[Task requirements]: Could you give back exactly the lines below from the one with "the Lagos airport." through the one with "Bảng giá van lúp pê, bảng giá rọ hút Unik", without a single picture?

[Extracted information]:
==========

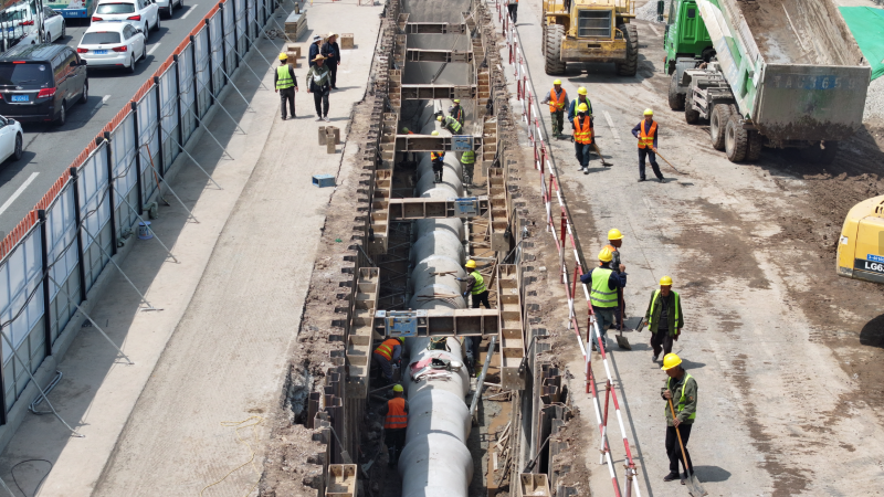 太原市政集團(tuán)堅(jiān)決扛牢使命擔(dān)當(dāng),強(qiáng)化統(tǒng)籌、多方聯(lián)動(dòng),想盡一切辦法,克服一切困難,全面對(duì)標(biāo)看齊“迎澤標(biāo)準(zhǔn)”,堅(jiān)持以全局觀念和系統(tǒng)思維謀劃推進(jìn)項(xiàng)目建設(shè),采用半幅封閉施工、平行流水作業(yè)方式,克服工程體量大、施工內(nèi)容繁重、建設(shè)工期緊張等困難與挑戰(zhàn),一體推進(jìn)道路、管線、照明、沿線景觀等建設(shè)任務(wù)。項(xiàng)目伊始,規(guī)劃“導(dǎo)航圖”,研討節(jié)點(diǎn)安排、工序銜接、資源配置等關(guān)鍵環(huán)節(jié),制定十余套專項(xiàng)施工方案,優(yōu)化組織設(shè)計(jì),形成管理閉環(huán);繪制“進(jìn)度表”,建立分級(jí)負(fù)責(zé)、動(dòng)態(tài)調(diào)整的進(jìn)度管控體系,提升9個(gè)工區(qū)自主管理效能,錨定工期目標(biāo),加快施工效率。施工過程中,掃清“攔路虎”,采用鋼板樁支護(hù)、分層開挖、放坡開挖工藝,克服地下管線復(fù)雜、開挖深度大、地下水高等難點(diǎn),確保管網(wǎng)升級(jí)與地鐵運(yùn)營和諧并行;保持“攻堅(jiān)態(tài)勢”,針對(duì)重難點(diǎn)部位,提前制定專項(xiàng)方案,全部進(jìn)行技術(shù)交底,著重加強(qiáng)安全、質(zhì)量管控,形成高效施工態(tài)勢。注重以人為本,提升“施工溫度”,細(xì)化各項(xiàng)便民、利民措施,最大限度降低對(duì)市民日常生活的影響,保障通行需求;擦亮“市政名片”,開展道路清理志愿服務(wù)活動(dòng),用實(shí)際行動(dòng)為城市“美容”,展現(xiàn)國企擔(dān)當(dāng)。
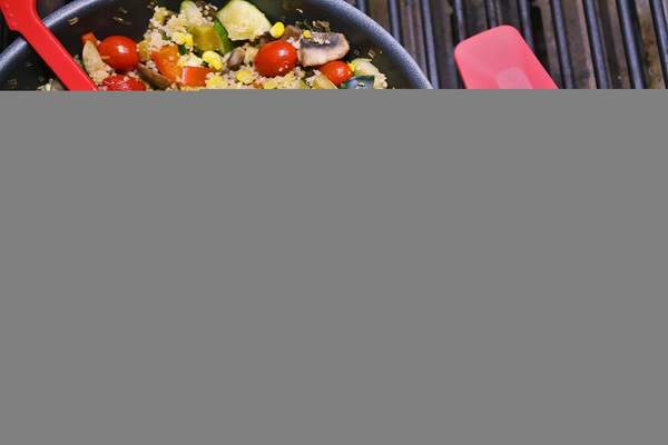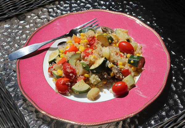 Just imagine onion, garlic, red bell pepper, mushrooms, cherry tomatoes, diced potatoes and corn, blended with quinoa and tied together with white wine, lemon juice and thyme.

==========

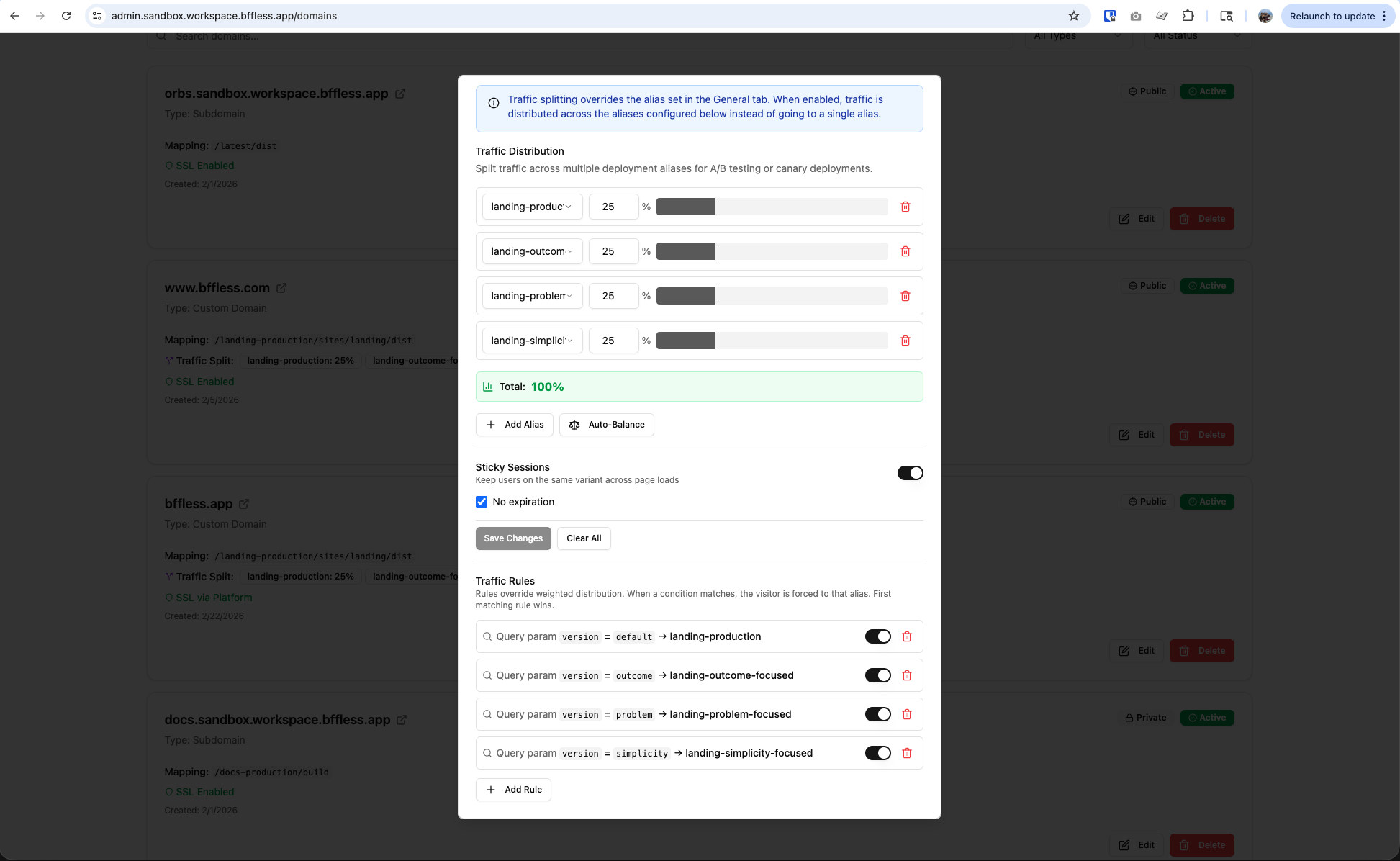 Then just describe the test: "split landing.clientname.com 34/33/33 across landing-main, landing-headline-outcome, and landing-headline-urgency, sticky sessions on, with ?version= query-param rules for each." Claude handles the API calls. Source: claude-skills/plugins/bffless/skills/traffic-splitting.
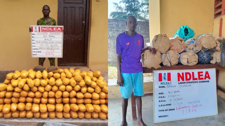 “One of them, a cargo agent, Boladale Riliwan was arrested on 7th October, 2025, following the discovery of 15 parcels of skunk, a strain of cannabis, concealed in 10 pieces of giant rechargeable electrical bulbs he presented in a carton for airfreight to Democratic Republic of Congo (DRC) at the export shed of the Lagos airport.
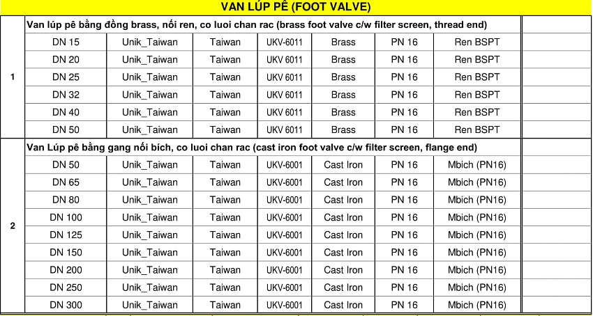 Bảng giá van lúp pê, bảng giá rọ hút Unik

==========

[Result of this exercise]:
 “One of them, a cargo agent, Boladale Riliwan was arrested on 7th October, 2025, following the discovery of 15 parcels of skunk, a strain of cannabis, concealed in 10 pieces of giant rechargeable electrical bulbs he presented in a carton for airfreight to Democratic Republic of Congo (DRC) at the export shed of the Lagos airport.
 Bảng giá van lúp pê, bảng giá rọ hút Unik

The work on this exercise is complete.